:: GOAL OF THE EXERCISE ::
Return the lines of the data below starting at the one holding "그런데 이 '황금배'를" and ending at the one holding "Basutställning i mastrummet", word for word, leaving every picture out.

:: ENTRIES PROVIDED ::
# # #

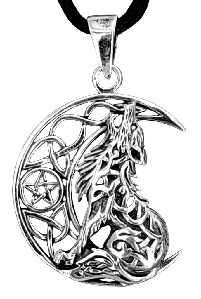 Sowohl die Mondsichel als auch der Wolf sind mit einem filigranen Knotenmuster verziert In den Mond ist außerdem ein Pentagramm eingearbeitet. Der Kettenanhänger ist teilweise geschwärzt.
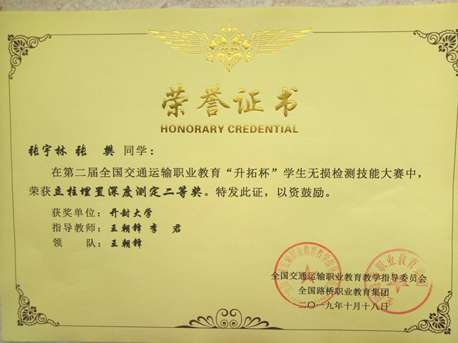 近日,第二屆全國交通運輸職業(yè)教育“升拓杯”學生無損檢測技能大賽”在遼寧省沈陽市交通高等專科學校落下帷幕,經過幾天激烈角逐,我校土木建筑工程學院王朝鋒、李君老師指導的道路橋梁工程技術專業(yè)學生張宇林、張樊取得立柱埋置深度測定項目二等獎。
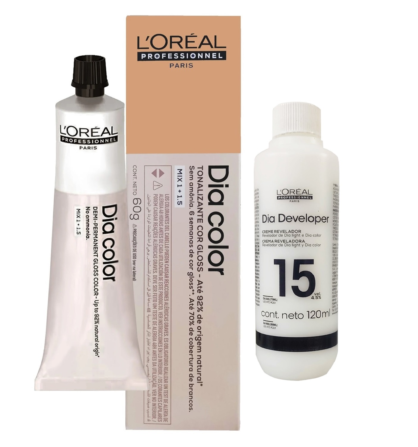 Dia Color da L'Oréal Professionnel é uma coloração alcalina demipermanente, sem amoníaco, que proporciona um cabelo com um brilho excecional. A sua fórmula reverte os efeitos da perda de melanina, oferecendo até 6 semanas de cor intensa e gloss, além de cobrir até 70% dos cabelos brancos. Esta tinta de cabelo proporciona 3 vezes mais brilho, reavivando a cor dos fios deixando-os radiante. A sua textura cremosa facilita a mistura, a aplicação e o enxaguamento, tornando o processo mais simples e confortável. Dia Color recupera a cor e o brilho através da tecnologia de reposição da melanina perdida, que replica a cor da melanina natural e preenche as lacunas ocasionadas pela sua perda. Com até 92% de ingredientes de origem natural, oferece uma opção mais suave e cuidadosa para o cabelo. Uma escolha versátil, adequada para clientes que desejam desde uma primeira experiência de coloração até uma cobertura mais completa dos cabelos brancos, proporcionando também um toque de brilho e revitalização para cabelos naturais sem vida, já que é uma tinta de cabelo suave, brilhante e de baixa manutenção.
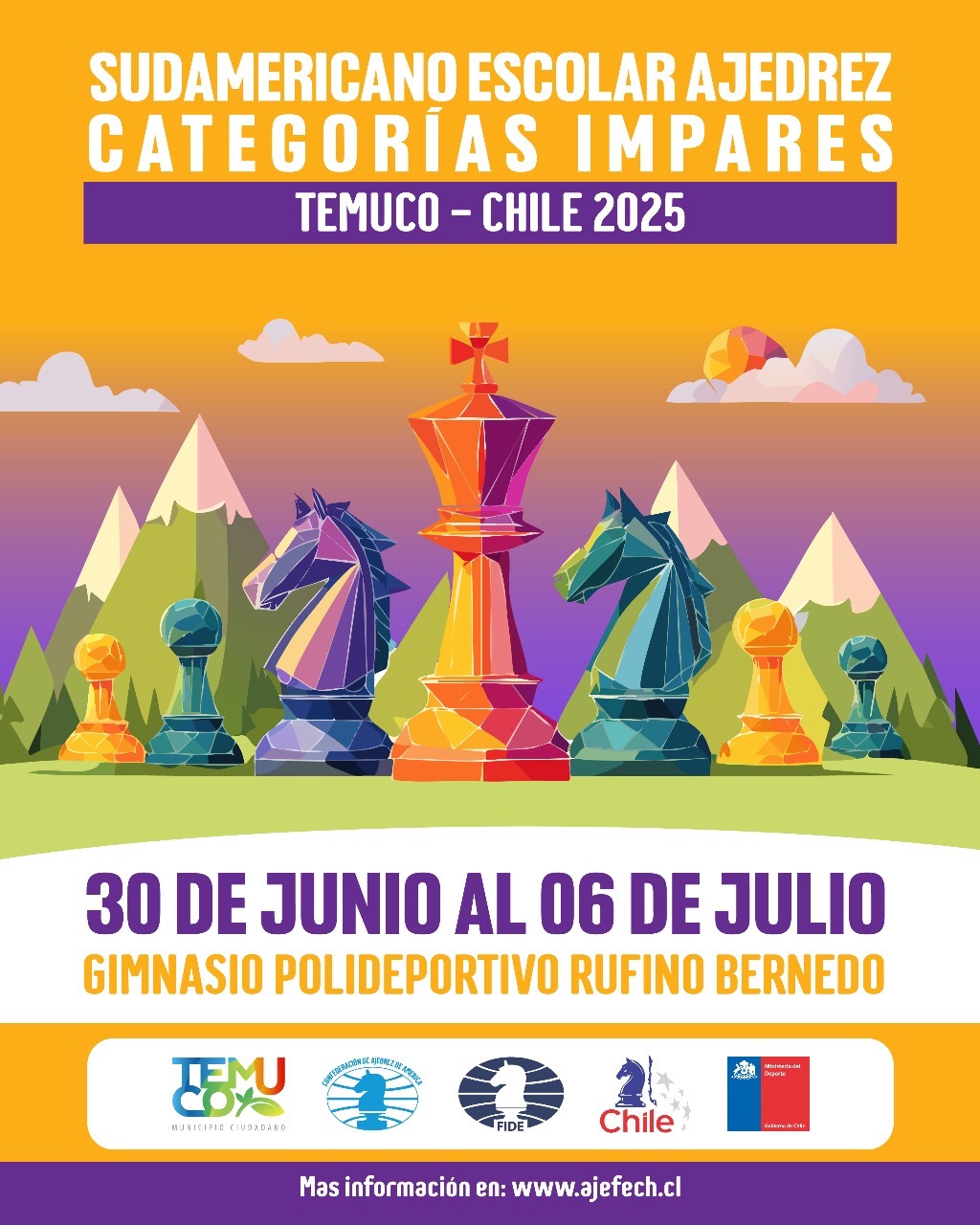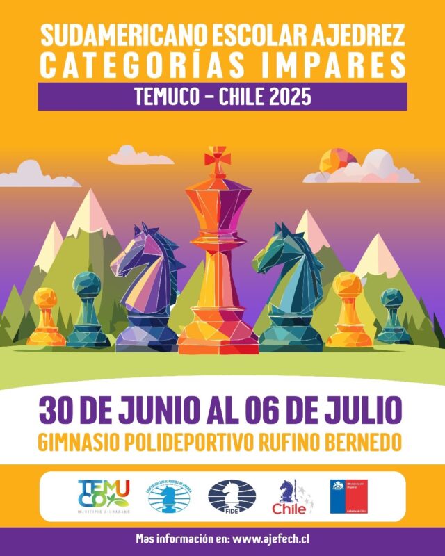 Temuco, 20 de junio de 2025 — Se siente la efervescencia en el ambiente a pocos días del inicio del Sudamericano Escolar de Ajedrez Categorías Impares Temuco 2025, un evento que marcará un antes y un después en el ajedrez escolar chileno. Casi 300 jóvenes ajedrecistas provenientes de Argentina, Bolivia, Brasil, Colombia, Ecuador, Perú, Venezuela y Chile se enfrentarán en el tablero con el sueño de conquistar el título sudamericano.
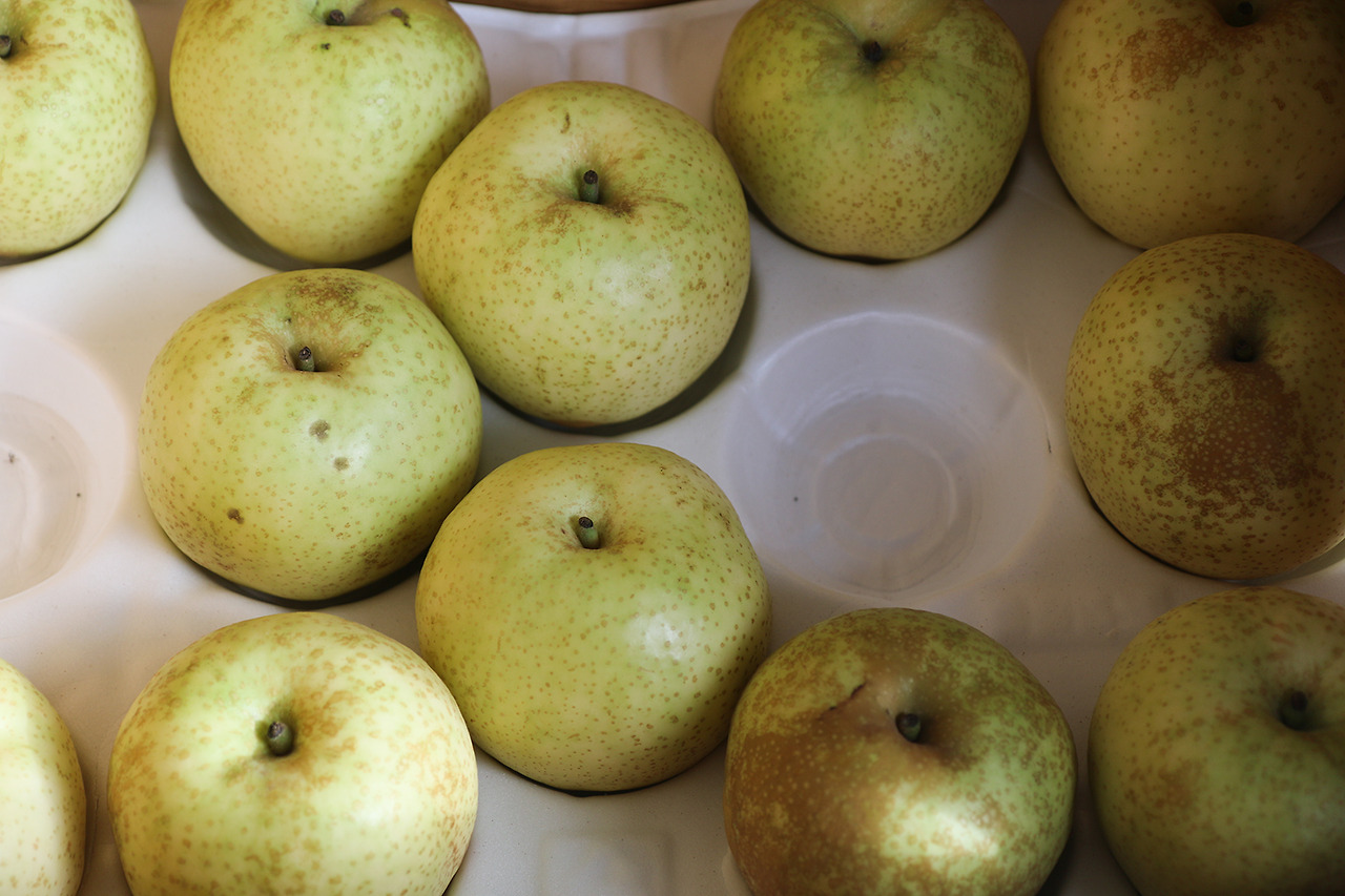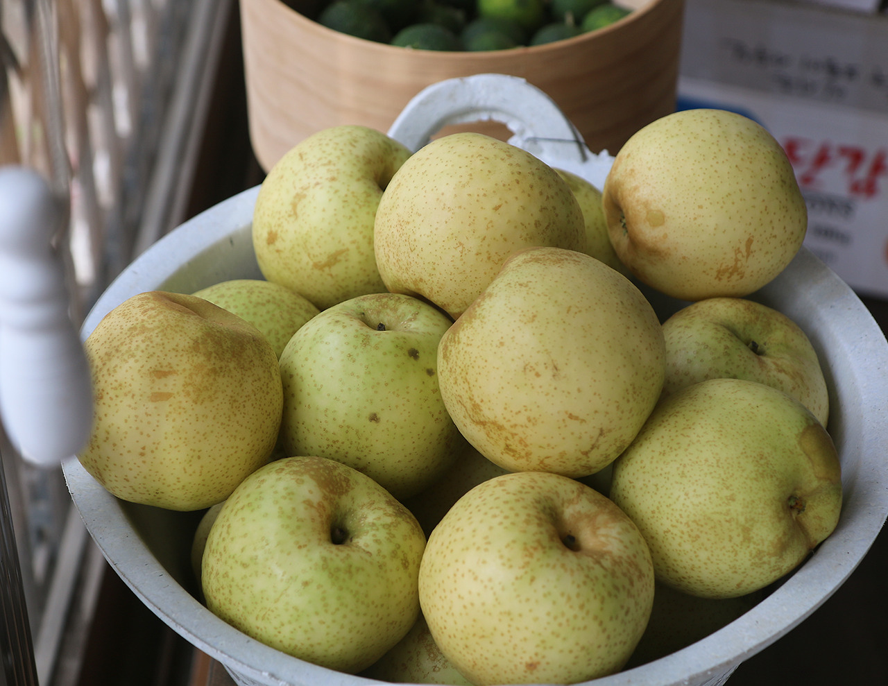 그런데 이 '황금배'를 아는 사람은 많지 않다. 유난히 배의 껍질 빛깔이 옅다 못해 푸르고, 크기도 일반 배보다 작은 것이 특징. 언젠가부터 차례상의 제수로 오르는 과일의 대표가 되다 보니 유독 배는 크기로 값을 매겨왔고, 상대적으로 작은 배는 가치가 떨어져 시장에서 찾아보기 어렵게 되었다.
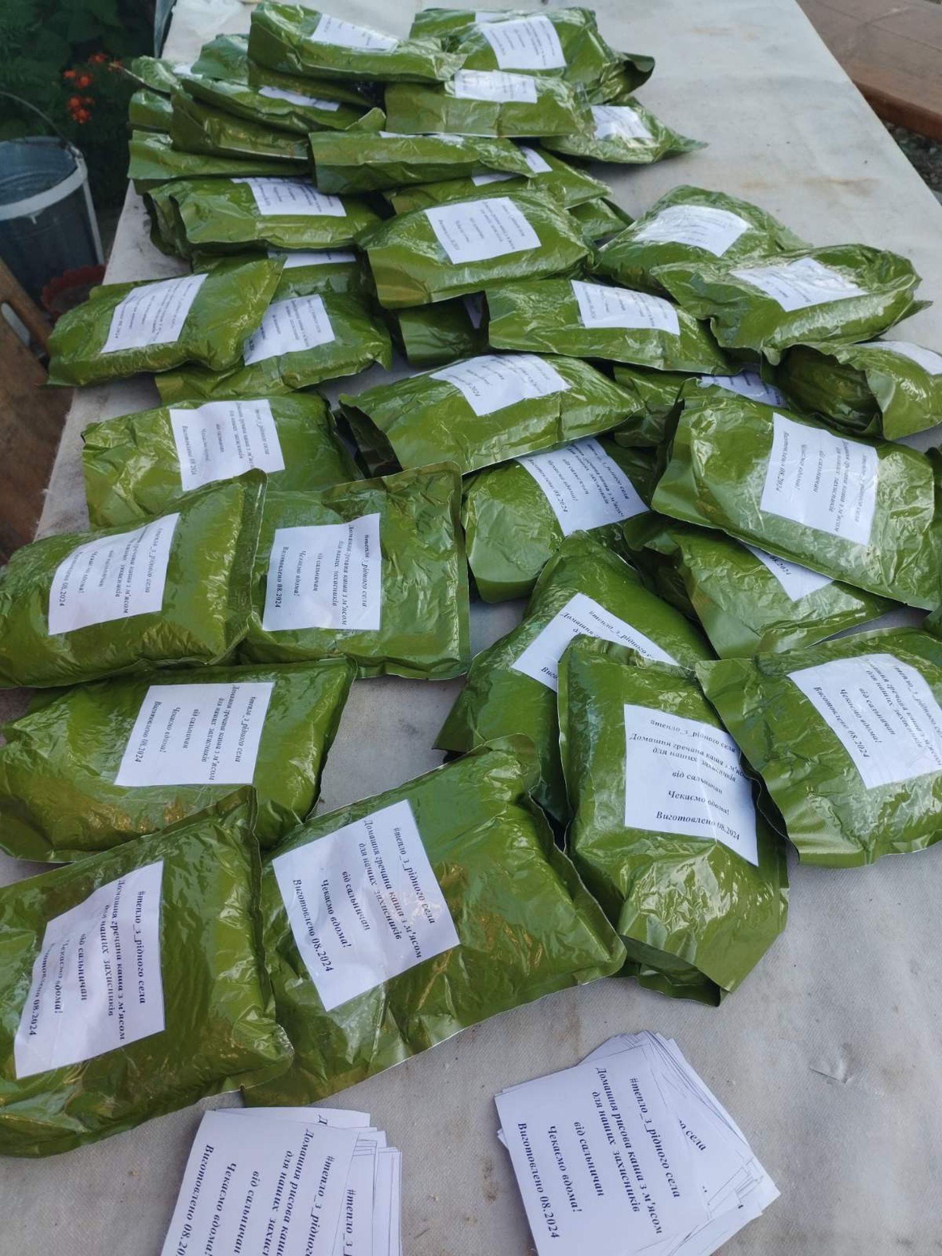 Але Леся не зупинилася на досягнутому. Шукаючи нові способи допомоги, ви дізналися про технологію приготування їжі в реторт-пакетах. Зважаючи на досвід досвіду, жінка звернулася за порадою до досвідчених волонтерів. Вони не тільки поділилися рецептами, а й Юрій Огородник з Житомирщини передав їй необхідне обладнання — запайщик.
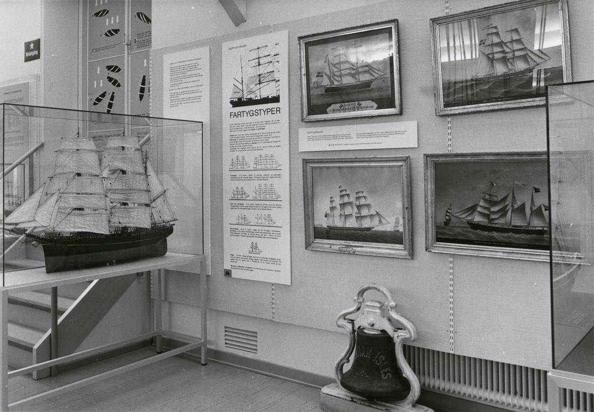 Basutställning i mastrummet i Sjöfartsavdelningen. Utställningsinteriör som handlar om olika fartygstyper.
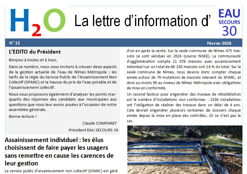 Notre lettre H2O N°12 est en ligne. Découvrez-la sans attendre. Dans ce numéro, nous vous invitons à creuser deux aspects de la gestion actuelle de l’eau de Nîmes Métropole : les tarifs de la régie du Service Public de l’Assainissement Non Collectif (SPANC) et la hausse du prix de l’eau potable et de l’assainissement collectif. Nous vous proposons également d’analyser les points marquants des réponses des candidats aux municipales aux questions que nous leur avons posées à l’occasion de notre assemblée générale. Bonne lecture !
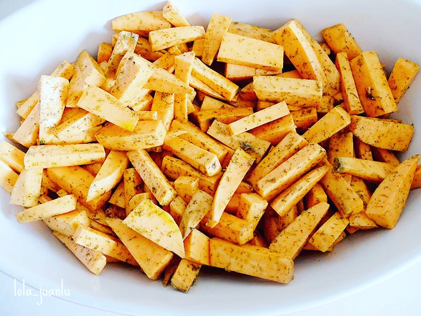 A continuación, lavamos y secamos bien el boniato, lo pelamos y lo cortamos a gajos. Introducimos en un bol los gajos de batata y añadimos el aceite, las especias, la sal y la pimienta. Removemos y vertemos el contenido en una fuente de horno. Llevamos al horno y horneamos durante 20 minutos a una altura media alta. Transcurrido este tiempo, removemos y volvemos a hornear durante otros 20 minutos. Una vez hayan pasado los últimos 20 minutos, cambiamos a la función grill y doramos los gajos de boniato durante 5 minutos más.
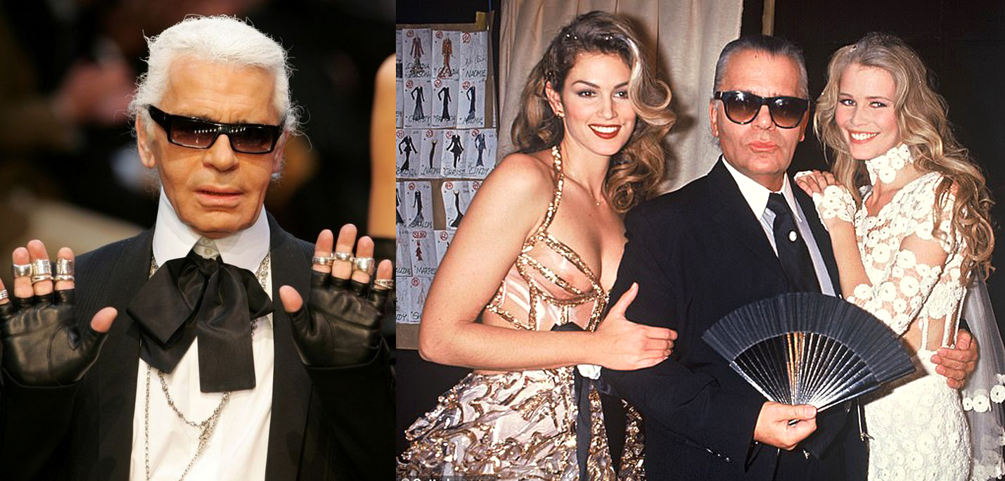 Legendárny dizajnér Karl Lagerfeld známy pre svoj nezameniteľný vzhľad – elegantný look, vlasy učesané dozadu, dlhý chvost na zátylku, vysoký golier a rukavice bez prstov,  nebýval vždy taký chudý a vo forme. Na prehliadke značky Chanel v roku 1993 s ikonickými topmodelkami 90. rokov Claudiou Schiffer a Cindy Crawford mal zopár kíl navyše a zvykol používať vejár. Práve topmodelky 90. rokov Kate Moss, Linda Evangelista and Claudia Schiffer,  sa spájajú hrdo s menom Karl Lagerfeld, no dizajnérovými rukami prešli aj ďalšie najvychytenejšie modelky a známe tváre počas rôznych dekád.  Výnimkou nie sú ani známe tváre ako Vanessa Paradis, speváčka Lily Allen, Lilli Rose Deep,  či obľúbená modelka neskorších období Cara Delevingne.  Jeho prispôsobivá osobnosť zmenám spoločnosti a móde a stále sršiaca energia ženúca ho neustále vpred zariadili, že módnym svetom plával ako neohroziteľný a stabilný velikán zažívajúci rôzne éry a udávajúci trendy.
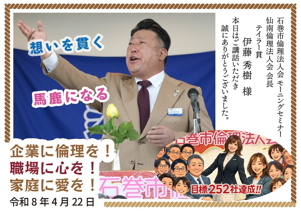 第1777回モーニングセミナーが石巻プレナホールにて開催されました。
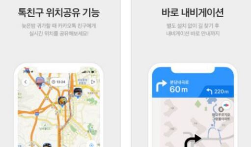 이런 daum 지도 같은 경우 모바일에서는 카카오맵 애플리케이션을 스토어에서 받으시면 되는데요. 모바일만의 기능인 내비, 위치 공유, 실시간알람을 통하여 스마트하게 이용을 하실 수 있습니다.
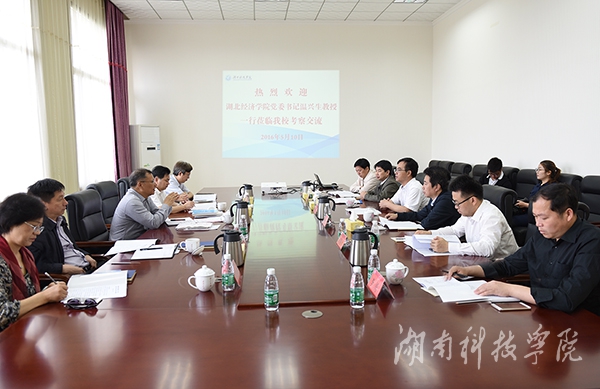 本网讯(记者 马天天 摄影 何帅文)5月10日,湖北经济学院党委书记温兴生,党委常委、副校长陈向军等一行6人来校考察交流。校党委书记陈弘、校长曾宝成、副校长李常健热情接待。

# # #

:: TASK RESPONSE ::
 그런데 이 '황금배'를 아는 사람은 많지 않다. 유난히 배의 껍질 빛깔이 옅다 못해 푸르고, 크기도 일반 배보다 작은 것이 특징. 언젠가부터 차례상의 제수로 오르는 과일의 대표가 되다 보니 유독 배는 크기로 값을 매겨왔고, 상대적으로 작은 배는 가치가 떨어져 시장에서 찾아보기 어렵게 되었다.
 Але Леся не зупинилася на досягнутому. Шукаючи нові способи допомоги, ви дізналися про технологію приготування їжі в реторт-пакетах. Зважаючи на досвід досвіду, жінка звернулася за порадою до досвідчених волонтерів. Вони не тільки поділилися рецептами, а й Юрій Огородник з Житомирщини передав їй необхідне обладнання — запайщик.
 Basutställning i mastrummet i Sjöfartsavdelningen. Utställningsinteriör som handlar om olika fartygstyper.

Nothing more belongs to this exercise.